3. The electrical connector of claim 1 wherein said support wall includes an outer thickness and an inner thickness, the inner thickness being wider than the outer thickness to thereby extend beneath the shelf.

4. The electrical connector of claim 3 wherein said outer thickness is flush with the outside of the dielectric housing.

5. An electrical connector which includes a slot for receiving a flat electrical cable, comprising:

an elongated dielectric housing having a housing wall defining one side of said slot, and a shelf extending along an opposite side of the slot;

a plurality of terminals mounted in the housing with contact portions spaced along the housing wall and projecting into the slot; and

a sheet metal support mounted on the housing and having a support wall defining said opposite side of the slot, the sheet metal support being folded back onto itself to provide a double thickness for the support wall including an outer thickness and an inner thickness, the inner thickness being wider than the outer thickness and extending beneath the shelf of the housing, the sheet metal support including end portions extending beyond opposite ends of the slot, each end portion including a support tab engageable with the housing and a solder tab adapted for soldering to a pad on an appropriate printed circuit board.
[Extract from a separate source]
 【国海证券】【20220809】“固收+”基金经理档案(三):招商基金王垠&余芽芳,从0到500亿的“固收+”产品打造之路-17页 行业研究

6. The electrical connector of claim 5 wherein said outer thickness is flush with the outside of the dielectric housing.

7. The electrical connector of claim 5 wherein said support tab is bent inwardly in engagement with portions of the housing at opposite ends of the slot, and said solder tab is bent outwardly of the housing for soldering to the pad on the printed circuit board.
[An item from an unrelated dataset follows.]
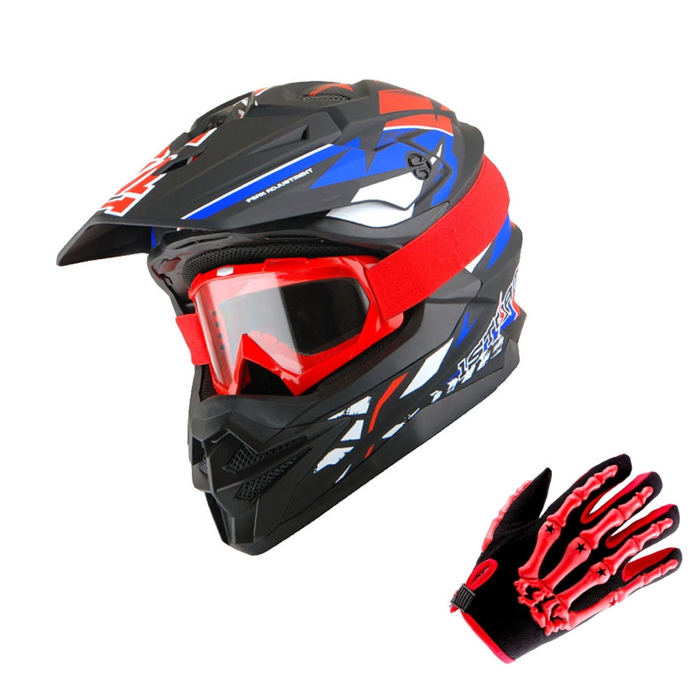 1storm Motocross Adult Helmet Downhill Mountain Bike Helmet Bmx Mx Atv Dirt Bike Storm Style Hf803 Red Blue Goggles Skeleton Red Glove Bundle Walmart Com

8. The electrical connector of claim 7, including a pair of said outwardly bent solder tabs, with said support tab being disposed therebetween.

9. An electrical connector which includes a slot for receiving a flat electrical cable, comprising:

an elongated dielectric housing having a housing wall defining one side of said slot;

a plurality of terminals mounted in the housing with contact portions spaced along the housing wall and projecting into the slot;

a sheet metal support mounted on the housing and having a support wall defining an opposite side of the slot, the sheet metal support being folded back onto itself to provide a double thickness for the support wall; and

said sheet metal support including end portions extending beyond opposite ends of the slot, each end portion including a support tab engageable with the housing and a solder tab adapted for soldering to a pad on an appropriate printed circuit board.
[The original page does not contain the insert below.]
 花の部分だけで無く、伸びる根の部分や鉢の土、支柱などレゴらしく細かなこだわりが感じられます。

10. The electrical connector of claim 9 wherein said support tab is bent inwardly in engagement with portions of the housing at opposite ends of the slot, and said solder tab is bent outwardly of the housing for soldering to the pad on the printed circuit board.

11. The electrical connector of claim 10, including a pair of said outwardly bent solder tabs, with said support tab being disposed therebetween.